Mark, We loved Orange Grove Park in Bakersfield as well. We camped there twice in January on our big Calif trip and got tons of oranges, yum. Your blog is great!


----------



## Fire44

OK....now you have done it Mark!!!

I am sitting here at my desk, eatting lunch (which we aren't suppose to do) and the boss walks in as I am reading you blog.....wanted to know what I was "working" on!!! WELL....he was saying something about not using the computer for personal use and all of a sudden he wanted to look at the pictures.

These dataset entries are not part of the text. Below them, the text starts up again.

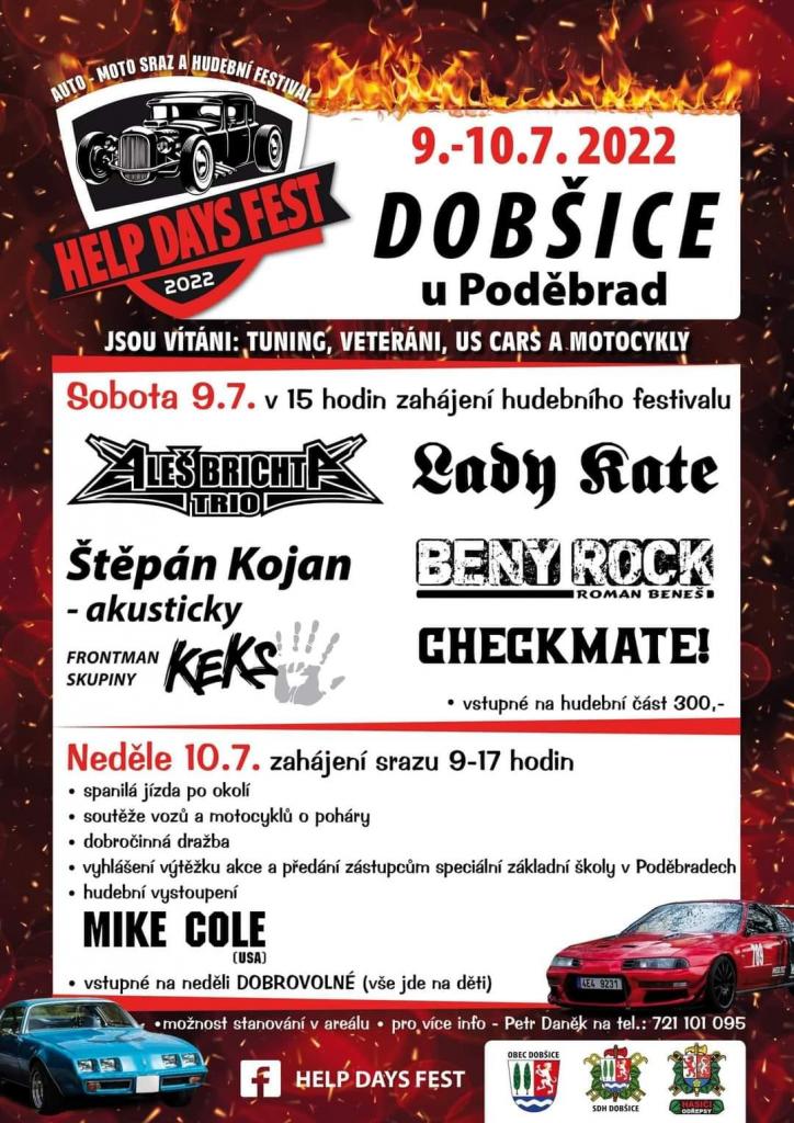 Rádi bychom vás pozvali na benefiční festival a sraz automobilů Help Days v Dobšicích. Kapely vystoupí v sobotu 9.7., v neděli 10.7. se sjedou rozličná tuningová, historická a vojenská vozidla a motocykly a v odpoledních hodinách bude naší škole, stejně jako v roce loňském, slavnostně předán výtěžek akce.
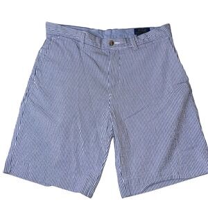 Keywords: Polo Ralph Lauren, men's shorts, striped shorts, seersucker shorts, classic fit, stretch shorts, casual shorts, size 31, blue and white shorts, summer shorts, preppy shorts, Polo shorts, Ralph Lauren shorts
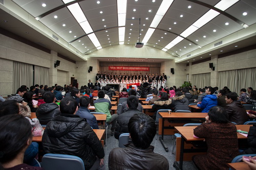 中国科学院大学(简称“国科大”)博士合唱团,应邀于12月19日晚在我所新楼报告厅举办了“科研之韵、青春之声”专场音乐会,国科大副校长马石庄教授亲自率团演出并担任主持人。合唱团美妙的和声、青春的活力、奔放的激情、专业的素养,以及马石庄教授诙谐幽默的客串主持,深深吸引、打动了观众,不仅让观众充分感受了合唱艺术的魅力,而且在轻松愉悦的氛围中丰富了音乐知识。演出活动自始至终洋溢着热烈、亲切、欢乐、享受的气氛,期间观众潮水般的掌声、喝彩声此起彼伏。
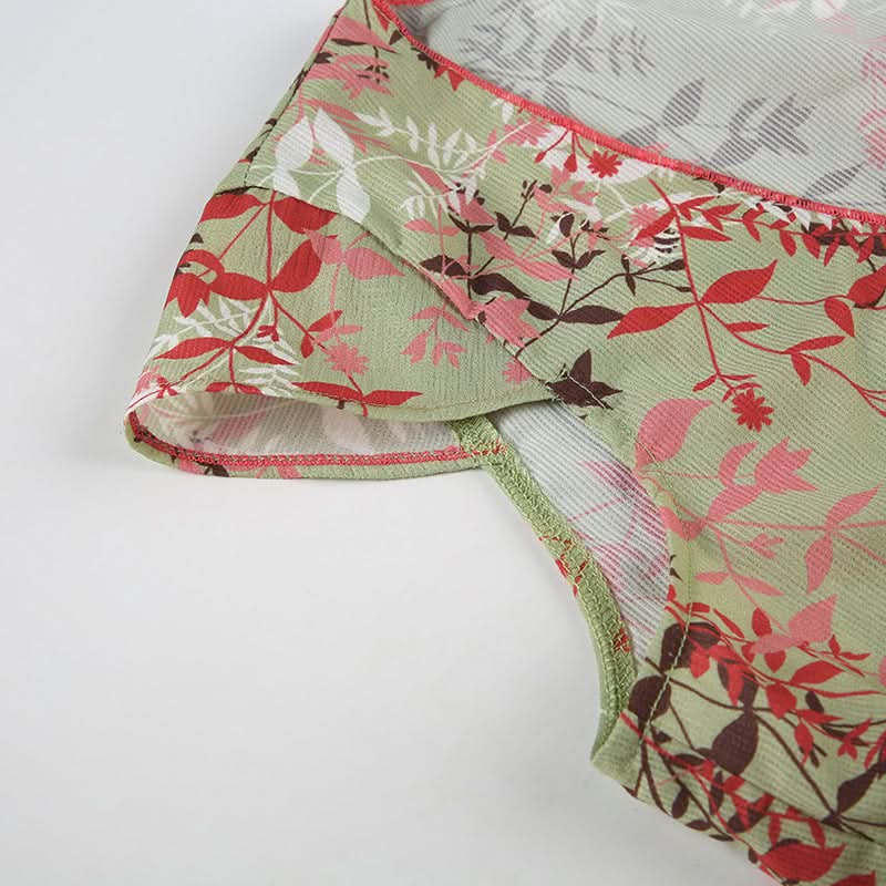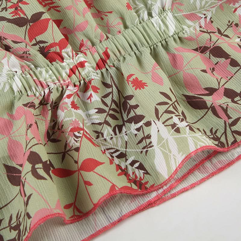 Ruched v neck self tie cap sleeve print top

I guess I am going to have to look into a trip to the west. I am really enjoying your blog. It makes me want to pack up and leave now....

Stay safe!!!

Gary


----------



## skippershe

More great stories to be had in Mark's blog...


----------



## Darj

Some great stories. Wanted to say thanks for blogging your trip so we could "go" along with you all. I have been enjoying my morning coffee and reading your blog!

~Anissa


----------



## Doxie-Doglover-Too

what a treat your stories are! makes me want to go across country too! The little dog, Chili, may have been a a dapple daschund







Keep the stories coming, you have writing style


----------



## California Jim

Lovin the blog Mark & family. However I did spit Dr. Pepper through my nose when I read that "Casa De Fruita" was in San Francisco. How appropriate. Stay safe and thanks for an enjoyable read......"dewd".

CJ


----------



## campntn

Hi fellow Outbackers!
Thanks for all of the compliments on the blog. We, as a family, have really enjoyed it. It is the one "tech" thing that my whole family has gotten into, along with me. Maybe it'll help turn the tables when I go into Best Buy now and spend too much time.LOL
. We have done more, saw more, met more, laughed more and driven more than we could have ever dreamed. The crew is getting tired.
Getting ready for a landing next Wednesday...we've put a lot of asphault under these 8 tires over the last 18 days. 
Hoping to sleep better tonite. As I said in the blog, none of us sleep well at higher altitudes. Dunno why. We can be fine and go to bed and become restless...same thing happend in Flagstaff. 
Glad where we live is flat.
Hope all of you are well!
Mark


----------



## Carey

campntn said:


> Hi fellow Outbackers!
> Thanks for all of the compliments on the blog. We, as a family, have really enjoyed it. It is the one "tech" thing that my whole family has gotten into, along with me. Maybe it'll help turn the tables when I go into Best Buy now and spend too much time.LOL
> . We have done more, saw more, met more, laughed more and driven more than we could have ever dreamed. The crew is getting tired.
> Getting ready for a landing next Wednesday...we've put a lot of asphault under these 8 tires over the last 18 days.
> Hoping to sleep better tonite. As I said in the blog, none of us sleep well at higher altitudes. Dunno why. We can be fine and go to bed and become restless...same thing happend in Flagstaff.
> Glad where we live is flat.
> Hope all of you are well!
> Mark


The reason for lousy sleep........ Oxygen.... Its a common thing, takes 3-5 weeks to climatize yourself to altitude.. It bothers many people that are not used to it, its pretty normal. Many get sick.

Keep on safe trailerin!

Carey


----------



## campntn

I have posted the final blog. Thanks for all the great comments, emails and signing the guestbook. You are all postive and motivating and I'm glad to be associated with such a group.
OUTBACKERS RULE!!
Home, safe and sound, and hope that all of you are as well.
Mark and co.


----------